The exams are an accountability measure. The school gets no information about how students fared on the curriculum standards contained in the exams. “It’s not to help the kids improve,” Hammel said.

He gets more information from the AP exams. There were 160 students who took the exams at Waccamaw High last year, a rise of 42 percent. They took 50 percent more tests, which are given in a growing number of subjects. And nearly 60 percent scored high enough to earn college credit compared with just under 50 percent the year before.

The school has AP social studies exams in each grade level. There were 30 freshmen in Human Geography last year and 70 percent got college-credit scores, Hammel said.

“That beat the odds,” he said of the overall results. With more students taking the exams “you would expect the pass rate to go down. That speaks to how well our teachers are instructing and the dedication of the students.”

The trend around the state has been toward more students taking AP exams. That was true in the district, with only Carvers Bay High seeing a drop in AP students. But all county high schools saw a rise in the percentage of students earning college credit.

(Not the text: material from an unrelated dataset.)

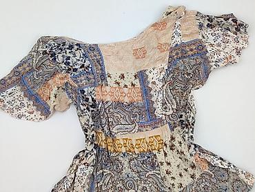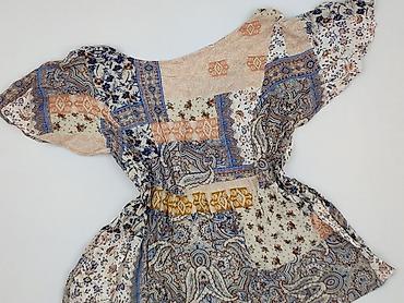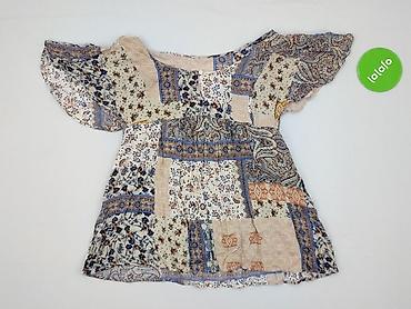 Damska bluzka z krótkim rękawem, wzór patchwork/boho - Fason: lekko dopasowany, taliowany - Dekolt: okrągły z małym rozcięciem i marszczeniem na środku - Rękawy: krótkie - Wzór: patchworkowy miks ...

Scores on the SAT, another measure of college readiness, were also released this week. Eighty-one percent of the senior class at Waccamaw took the exams last year, a rise from 74 percent. Their average score in reading rose 6 points to 501 out of 800. The average math score was unchanged at 494. The average writing score dropped 32 points to 476. The school’s scores were above the state and district averages.

The SAT scores don’t always reflect a complete picture of student ability because many students take the exams in their junior year and are able to pick their best scores from multiple sittings, Hammel explained. But the state doesn’t record the best results a student scores, only the last result. “It’s a measure, but we could make it a truer measure,” he said.

The district has put more emphasis on college prep, including an expansion of a partnership with Horry-Georgetown Technical College that lets high school students take college-level classes. “It is important that each student can compete for college scholarships, can qualify for jobs and can pursue any career he or she chooses after high school graduation,” said Patti Hammel, the district’s director of student performance.

The school board is also preparing to revise its career education programs. “It’s an epidemic in Georgetown County,” said LaPariscena Singleton, the district’s director of career and technology education. “We’re on the move.”

New career facilities are likely to be included in a capital projects plan the district is preparing with an eye to a bond referendum in the next few years. “I fully support going forward,” Board Member Richard Kerr said. “Facilities and where we locate them is going to be really key.”

Adding a career center at Waccamaw High is one option. “That’s the next big thing,” Hammel said. “Along with an auxiliary gym, that’s the biggest need.”